1. If rates of obesity reach similar to America's in any Asian country, rate of type 2 diabetes will far exceed America's, by 2- or 3-fold.

45/n
2. However, here is the real hypothesis, because I don't think #1 will happen. The rate of obesity will *never*, *ever* in ANY Asian country reach anywhere near the rates of obesity in the Caucasian countries, in not a single Asian country, ever.

46/n
So I think the rate of metabolic dysregulation and obesity are linked. I think that as a population approaches greater metabolic dysregulation, its obesity rate will level off to a genetically appropriate level, and culture will reflect this. The mechanism I don't know.

47/n
Here again is an interesting figure that fits with this hypothesis.

https://www.pitt.edu/~super1/lecture/lec0461/011.htm

48/n
Let's chase one more set of facts that I think is very interesting. The genderedness of obesity and diabetes in Japan. This was actually one of the main reasons I created this thread.đŸ€Ș

49/n
We said the rate of obesity in Japan is not rising much. However this is not entirely true. It is rising fast among men but declining among women.

Here is avg BMI among Japanese men and women.

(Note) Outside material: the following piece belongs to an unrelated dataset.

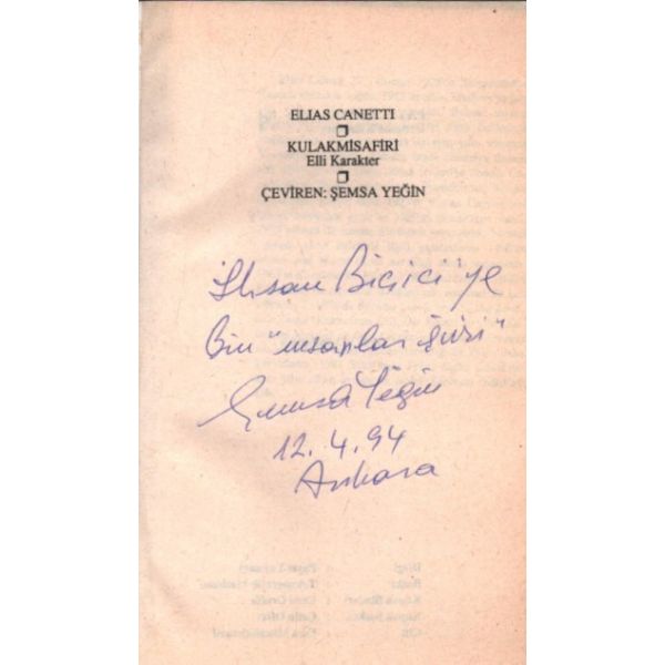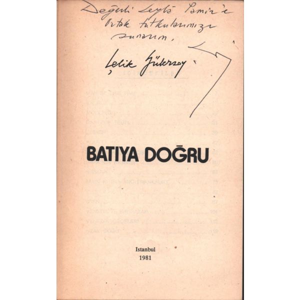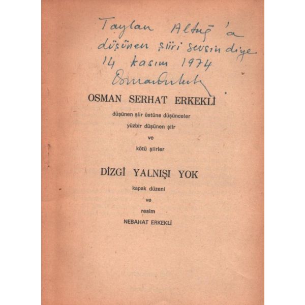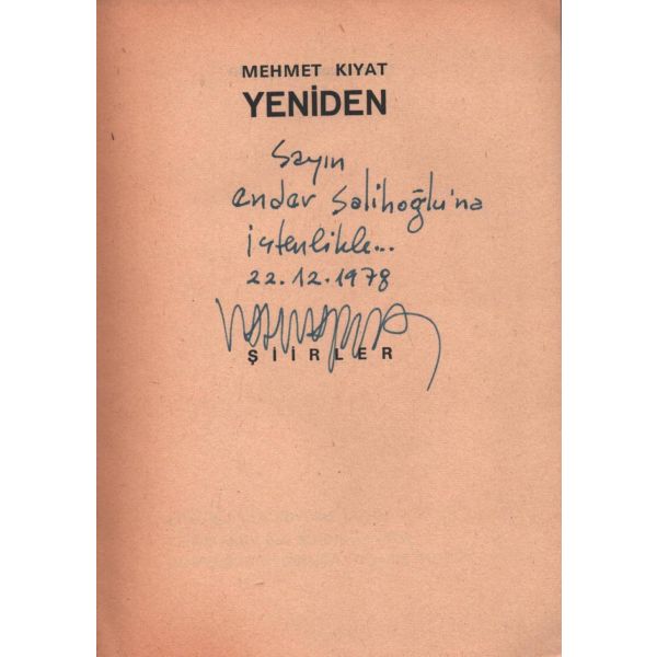 İthaf; "Sayın Ender Salihoğlu´na içtenlikle.. 22.12.1978" şeklindedir.

From 1976-1995, average female BMI *DECREASED*

https://pubmed.ncbi.nlm.nih.gov/12164470/ 

50/n

tbc
In fact average BMI decreased among all women younger than 50 and among women in their 20s by nearly a full BMI point.

Whoa. The average Japanese woman at that age weighs about 5 pounds less in the 1990s compared to the 1970s. Average man, 5 pounds more.
Here are the same data, graphed to look at incidence of overweight.

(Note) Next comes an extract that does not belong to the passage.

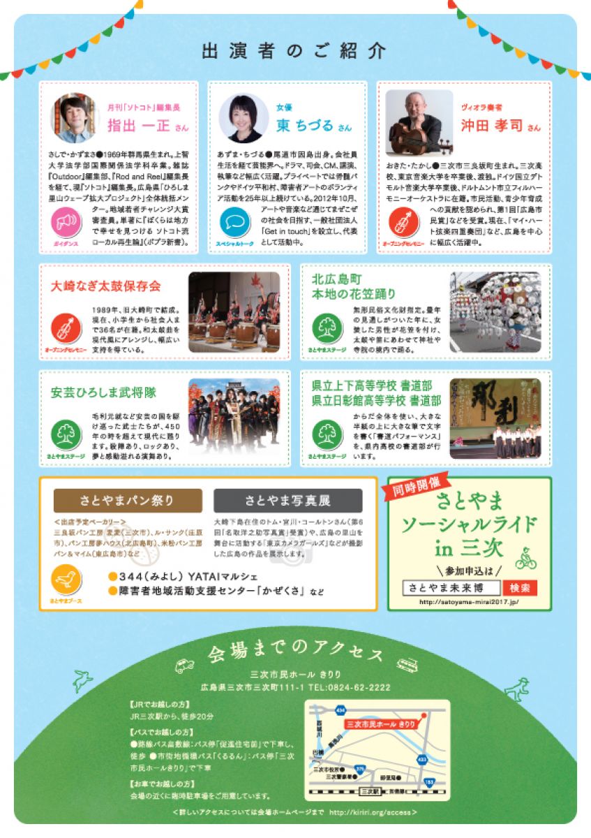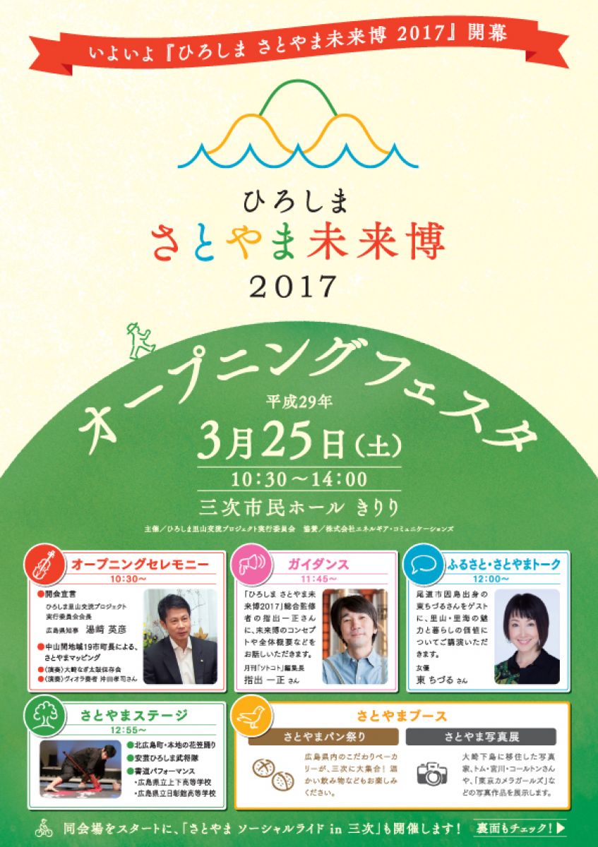 広島の里山にある魅力や活力を全国に伝えるため、長期にわたり様々なプロジェクトを用意。そのスタートを飾るオープニングイベントの開催です。

Incidence of overweight among Japanese women declined, while it skyrocketed among men.

https://www.med.or.jp/english/pdf/2005_01/034_041.pdf
Lesson?

The women (mostly) canceled out the men. This is the major reason why the Japanese obesity prevalence curve is nearly flat.

It is an entirely gender-driven phenomenon.

Here is where things get sad. And there are lessons for us in America.
Among women in their 20s in Japan, the rate of underweight rose from 12% to nearly 25%.

That is to say, 1-in-4 young Japanese women have a BMI below 18.5. Which is really, really thin.

And nearly 1-in-5 Japanese women in their 30s are that way.

https://www.med.or.jp/english/pdf/2005_01/034_041.pdf
It is true that the rate of type 2 diabetes among women has declined over this period of time. https://pubmed.ncbi.nlm.nih.gov/26417410/ 

However...
There was an elevated risk of death among Japanese women with a BMI under 19.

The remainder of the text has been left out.